ECLI:NL:RBZWB:2021:31

Rechtbank Zeeland-West-Brabant

Datum uitspraak
5 januari 2021
Publicatiedatum
7 januari 2021
Zaaknummer
AWB- 20_8321
Instantie
Rechtbank Zeeland-West-Brabant
Type
Uitspraak
Rechtsgebied
Bestuursrecht
Procedures
  • Eerste aanleg - enkelvoudig
Rechters
Vindplaatsen
  • Rechtspraak.nl
AI samenvatting door LexboostAutomatisch gegenereerd

Beroep tegen niet tijdig nemen van beslissing op bezwaar inzake vergunning voor vaste standplaats op weekmarkt

Op 5 januari 2021 heeft de Rechtbank Zeeland-West-Brabant uitspraak gedaan in een bestuursrechtelijke zaak tussen een eiser en het college van burgemeester en wethouders van de gemeente Sluis.

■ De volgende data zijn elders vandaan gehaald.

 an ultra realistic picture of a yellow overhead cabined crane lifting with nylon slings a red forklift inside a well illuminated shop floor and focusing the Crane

De eiser had beroep ingesteld tegen het niet tijdig nemen van een beslissing op bezwaar door het college met betrekking tot een verleende vergunning aan een derde partij voor het innemen van een vaste standplaats op de weekmarkt. De rechtbank heeft het beroep versneld behandeld en besloten dat een zitting niet nodig was.

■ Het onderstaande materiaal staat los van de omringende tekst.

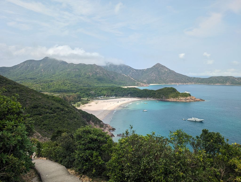 I went for a nice long hike in the new territories. Before arriving I had thought that Hong Kong was all city, but actually it’s made up of several islands, and the part that’s connected to the Chinese mainland is mostly mountains covered in dense green. Look up some pictures of the New Territories in Hong Kong, it’s beautiful! My hike was to the east, in Sai Kung Country Park. It turned out that this is a popular area for both beaching and hiking, and while it’s a ways from Kowloon it’s also accessible by speedboat, so it was quite crowded with both hikers and beachers. The crowds and the fact that the trail was a concrete sidewalk the whole way were a bit of the bummer, but the scenery was spectacular. And for as much as I like to complain about other people, the little beach towns saved me, because if I hadn’t been able to refill my water twice (I ended up drinking almost 5 liters of water and another 1.5 liters of electrolyte drink) I would’ve dropped dead from dehydration.

De rechtbank constateerde dat het college op 14 januari 2020 een vergunning had verleend, maar dat de beslistermijn voor het bezwaar was overschreden. De eiser had het college op 2 juli 2020 in gebreke gesteld, maar het college had nog steeds geen beslissing genomen. De rechtbank verklaarde het beroep gegrond en vernietigde het niet tijdig nemen van een beslissing op bezwaar.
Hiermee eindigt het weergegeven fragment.